Please print the entries below exactly, from the line with "2025(令和7)年2月3日" through the line with "Effect of Ca2+", including both of those lines and leaving out all others.

Data records.
++++++

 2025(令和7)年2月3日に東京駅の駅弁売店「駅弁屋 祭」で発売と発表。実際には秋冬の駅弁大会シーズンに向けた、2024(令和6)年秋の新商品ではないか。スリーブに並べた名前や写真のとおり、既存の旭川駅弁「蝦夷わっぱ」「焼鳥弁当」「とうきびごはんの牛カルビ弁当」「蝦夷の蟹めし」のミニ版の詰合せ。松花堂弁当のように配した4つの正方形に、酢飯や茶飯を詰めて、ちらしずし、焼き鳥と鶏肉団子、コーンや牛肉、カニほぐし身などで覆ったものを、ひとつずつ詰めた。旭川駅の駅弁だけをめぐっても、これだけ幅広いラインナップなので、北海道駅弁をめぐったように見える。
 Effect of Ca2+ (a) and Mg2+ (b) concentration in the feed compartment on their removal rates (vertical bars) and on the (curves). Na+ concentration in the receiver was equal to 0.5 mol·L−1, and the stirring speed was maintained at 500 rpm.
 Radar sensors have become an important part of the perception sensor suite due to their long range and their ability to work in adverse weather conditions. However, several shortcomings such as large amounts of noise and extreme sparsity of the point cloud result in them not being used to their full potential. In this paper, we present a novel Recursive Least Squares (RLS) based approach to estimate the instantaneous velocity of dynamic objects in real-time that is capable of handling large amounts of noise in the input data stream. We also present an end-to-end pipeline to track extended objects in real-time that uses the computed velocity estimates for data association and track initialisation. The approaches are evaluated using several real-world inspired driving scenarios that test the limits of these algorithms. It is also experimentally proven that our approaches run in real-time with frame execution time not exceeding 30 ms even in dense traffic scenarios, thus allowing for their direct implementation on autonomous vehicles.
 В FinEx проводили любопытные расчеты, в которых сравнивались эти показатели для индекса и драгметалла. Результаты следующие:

++++++

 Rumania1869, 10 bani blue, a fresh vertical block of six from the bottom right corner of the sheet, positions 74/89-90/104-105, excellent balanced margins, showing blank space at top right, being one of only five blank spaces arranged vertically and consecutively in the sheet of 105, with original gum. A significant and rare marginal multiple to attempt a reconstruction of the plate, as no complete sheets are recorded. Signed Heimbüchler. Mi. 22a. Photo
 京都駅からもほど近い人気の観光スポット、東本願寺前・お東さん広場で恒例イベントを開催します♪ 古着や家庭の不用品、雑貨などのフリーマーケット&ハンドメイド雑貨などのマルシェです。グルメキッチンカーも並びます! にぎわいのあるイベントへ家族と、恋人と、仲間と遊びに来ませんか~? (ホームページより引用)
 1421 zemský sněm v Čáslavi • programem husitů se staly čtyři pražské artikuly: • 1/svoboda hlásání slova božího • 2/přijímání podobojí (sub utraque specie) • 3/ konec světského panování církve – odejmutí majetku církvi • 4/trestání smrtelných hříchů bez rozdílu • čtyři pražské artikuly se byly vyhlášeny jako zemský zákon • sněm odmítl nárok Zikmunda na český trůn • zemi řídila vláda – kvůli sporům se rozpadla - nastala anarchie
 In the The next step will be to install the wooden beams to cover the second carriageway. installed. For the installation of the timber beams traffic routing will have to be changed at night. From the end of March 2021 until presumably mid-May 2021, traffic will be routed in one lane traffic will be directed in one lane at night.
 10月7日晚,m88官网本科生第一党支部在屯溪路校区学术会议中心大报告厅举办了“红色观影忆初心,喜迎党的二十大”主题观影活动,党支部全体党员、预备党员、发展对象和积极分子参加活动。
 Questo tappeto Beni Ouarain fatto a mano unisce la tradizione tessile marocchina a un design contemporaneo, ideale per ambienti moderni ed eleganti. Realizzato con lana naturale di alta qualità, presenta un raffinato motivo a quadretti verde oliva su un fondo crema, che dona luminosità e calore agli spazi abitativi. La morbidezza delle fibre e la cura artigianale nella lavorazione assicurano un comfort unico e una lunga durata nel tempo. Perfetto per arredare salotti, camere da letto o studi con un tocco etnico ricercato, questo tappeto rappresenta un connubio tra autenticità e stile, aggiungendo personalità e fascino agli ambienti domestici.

++++++

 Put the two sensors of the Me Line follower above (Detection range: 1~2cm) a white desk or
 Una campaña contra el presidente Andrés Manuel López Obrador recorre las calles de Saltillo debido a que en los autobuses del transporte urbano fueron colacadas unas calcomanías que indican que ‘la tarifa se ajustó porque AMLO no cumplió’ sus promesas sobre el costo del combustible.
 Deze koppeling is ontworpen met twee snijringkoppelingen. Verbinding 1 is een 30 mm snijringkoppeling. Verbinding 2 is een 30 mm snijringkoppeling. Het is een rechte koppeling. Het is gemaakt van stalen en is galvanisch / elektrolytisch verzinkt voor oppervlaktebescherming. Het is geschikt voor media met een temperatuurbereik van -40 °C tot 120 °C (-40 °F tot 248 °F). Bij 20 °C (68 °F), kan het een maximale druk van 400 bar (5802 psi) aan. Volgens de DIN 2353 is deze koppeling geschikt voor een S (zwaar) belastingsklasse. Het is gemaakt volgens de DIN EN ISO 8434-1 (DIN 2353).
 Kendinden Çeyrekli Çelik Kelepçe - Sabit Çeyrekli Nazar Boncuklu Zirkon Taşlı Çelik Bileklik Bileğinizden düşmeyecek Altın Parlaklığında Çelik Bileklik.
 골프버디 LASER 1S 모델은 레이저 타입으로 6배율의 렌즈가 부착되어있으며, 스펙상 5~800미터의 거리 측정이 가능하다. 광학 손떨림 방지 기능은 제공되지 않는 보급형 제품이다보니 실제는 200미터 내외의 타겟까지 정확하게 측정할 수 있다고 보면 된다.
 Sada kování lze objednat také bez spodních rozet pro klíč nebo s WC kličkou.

++++++

Result.
 2025(令和7)年2月3日に東京駅の駅弁売店「駅弁屋 祭」で発売と発表。実際には秋冬の駅弁大会シーズンに向けた、2024(令和6)年秋の新商品ではないか。スリーブに並べた名前や写真のとおり、既存の旭川駅弁「蝦夷わっぱ」「焼鳥弁当」「とうきびごはんの牛カルビ弁当」「蝦夷の蟹めし」のミニ版の詰合せ。松花堂弁当のように配した4つの正方形に、酢飯や茶飯を詰めて、ちらしずし、焼き鳥と鶏肉団子、コーンや牛肉、カニほぐし身などで覆ったものを、ひとつずつ詰めた。旭川駅の駅弁だけをめぐっても、これだけ幅広いラインナップなので、北海道駅弁をめぐったように見える。
 Effect of Ca2+ (a) and Mg2+ (b) concentration in the feed compartment on their removal rates (vertical bars) and on the (curves). Na+ concentration in the receiver was equal to 0.5 mol·L−1, and the stirring speed was maintained at 500 rpm.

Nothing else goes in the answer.